[Source records]

※

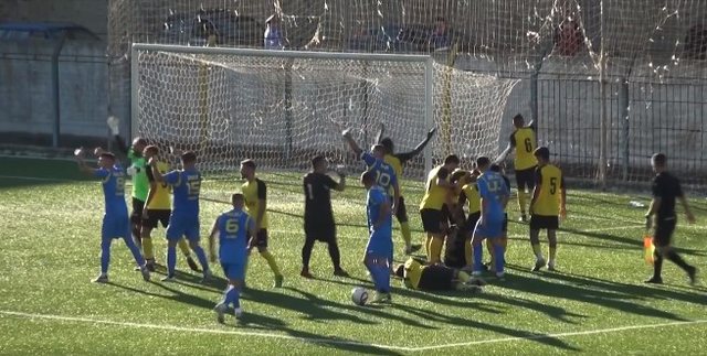 Gjyqtari Xhulio Agolli nuk akordoi penallti për Delvinën dhe në momentet e tensionit që vijuan pas këtij vendimit, nga tribunat fluturuan objekte me një prej tyre që goditi në kokë gjyqtarin duke e lënë të gjakosur në tokë.video
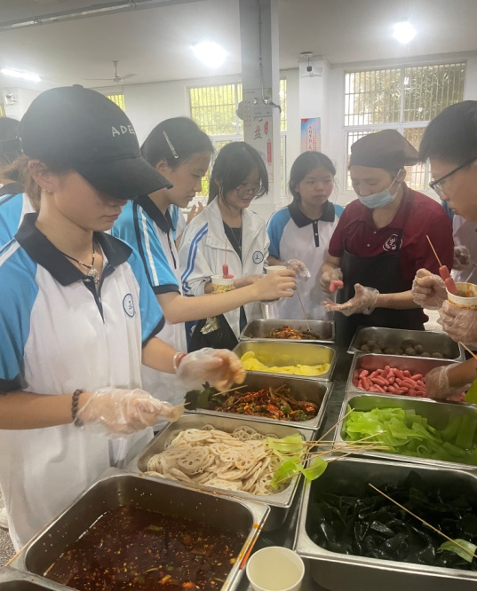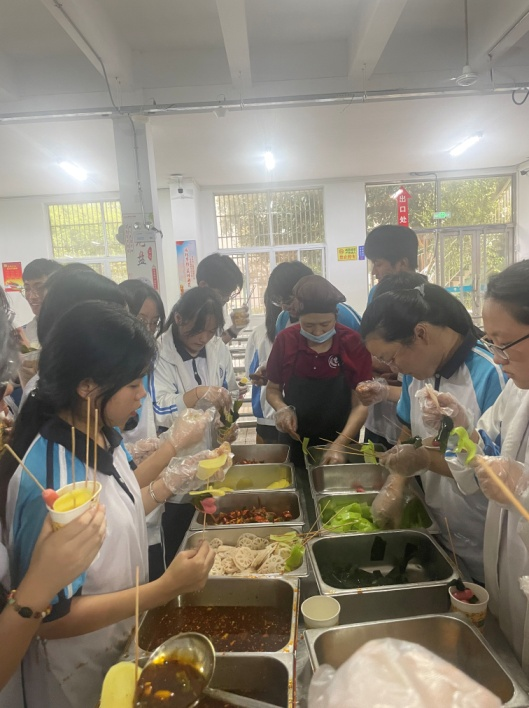 自制钵钵鸡:“钵钵鸡,一元一串的钵钵鸡”。这是线下一种很火的网红小吃,通过这次活动,让孩子们也来制作一把潮流小吃“钵钵鸡”。
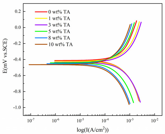 By analyzing Figure 1, it can be observed that as the concentration of tannic acid increased, of W18Cr4V in the solution gradually shifted to the negative side. The anodic slope decreased with the increase in tannic acid concentration. The trend of the cathodic slope was to increase slightly first and then decrease significantly, with significant changes starting at 5 wt% TA. Additionally, the shift in the cathodic part of the polarization curve was more pronounced, while the shift in the anodic part was relatively uniform.
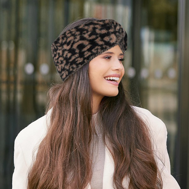 Úvod » AJS čiapky ZIMA » Dámska čelenka na zimu s leopardím vzorom 56-58 cm
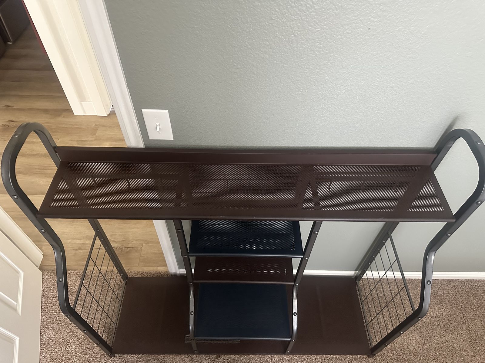 ZelleFor quick sale: Ashley Furniture Signature Design entryway organizer / hall tree! Sturdy metal frame in dark gray/black with rich brown shelves – modern industrial vibe that looks great in any home.
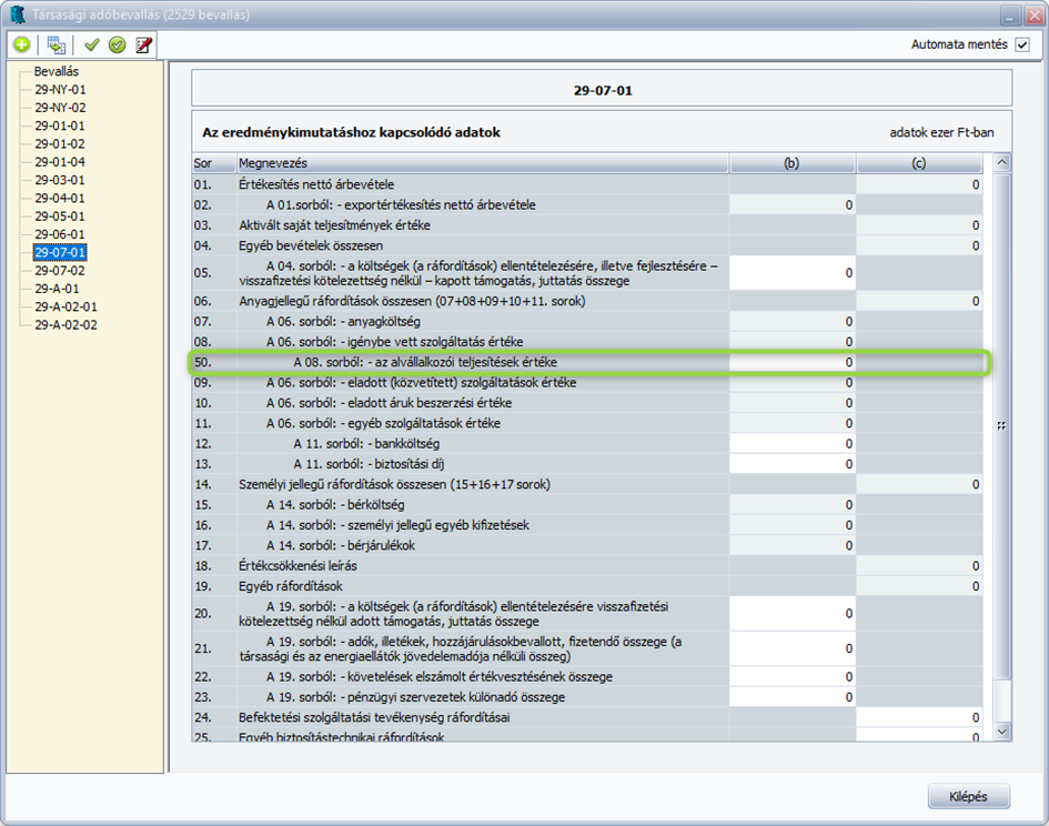 A 07-01-es lapon az eredménykimutatáshoz kapcsolódó adatok egy új sorral bővültek: 50. sor A 08. sorból: - az alvállalkozói teljesítések értéke.
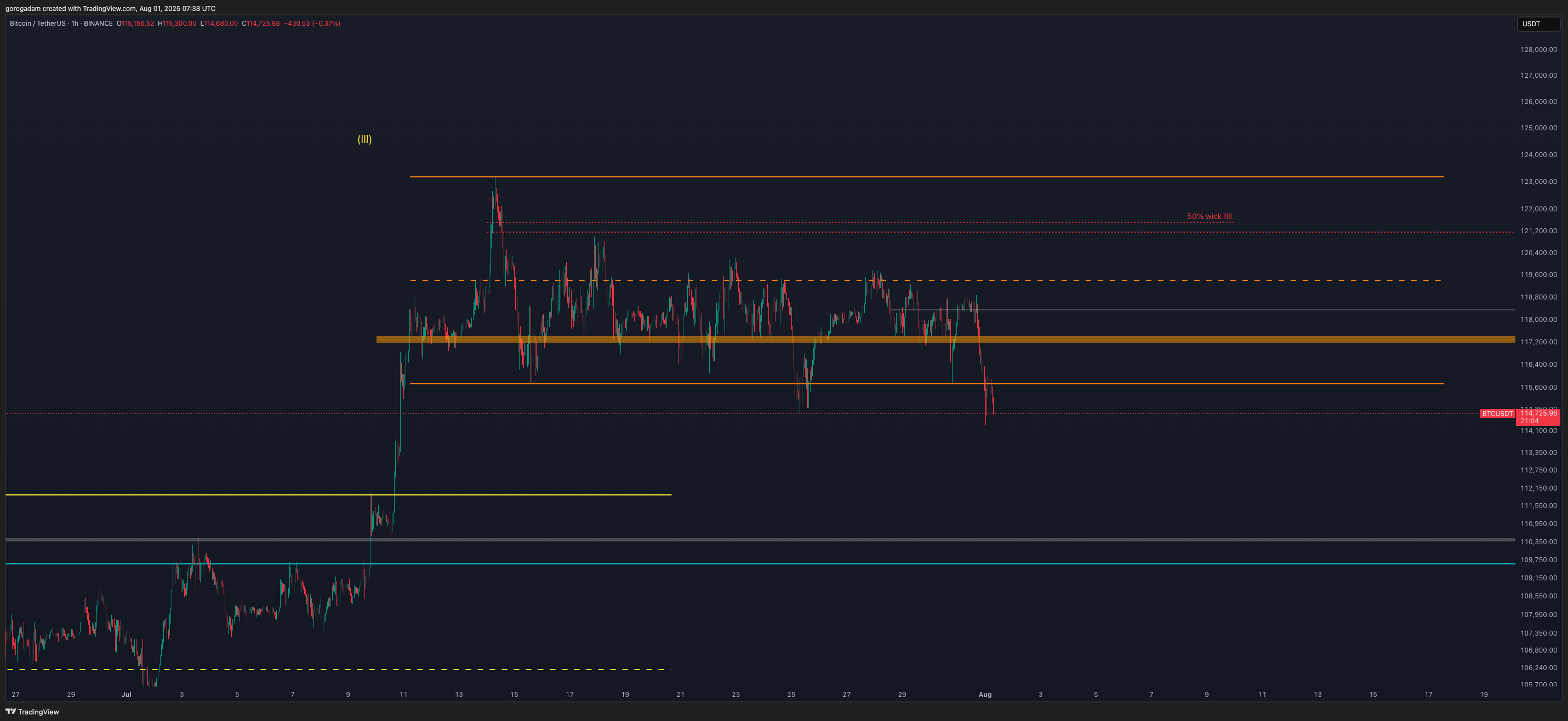 B-setup (trenddel szembeni): a 117 200-as szint visszatesztje a reakció alapján jó short lehetőség lehet, illetve minden korábbi aljpont elvesztése esetén egy folytatólagos esés várható

※

**What is required:**
In the entries above, find the line containing "By analyzing Figure" and the line containing "vzorom 56-58 cm", then copy both and every line between them exactly, without any picture.

**Reply to the task:**
 By analyzing Figure 1, it can be observed that as the concentration of tannic acid increased, of W18Cr4V in the solution gradually shifted to the negative side. The anodic slope decreased with the increase in tannic acid concentration. The trend of the cathodic slope was to increase slightly first and then decrease significantly, with significant changes starting at 5 wt% TA. Additionally, the shift in the cathodic part of the polarization curve was more pronounced, while the shift in the anodic part was relatively uniform.
 Úvod » AJS čiapky ZIMA » Dámska čelenka na zimu s leopardím vzorom 56-58 cm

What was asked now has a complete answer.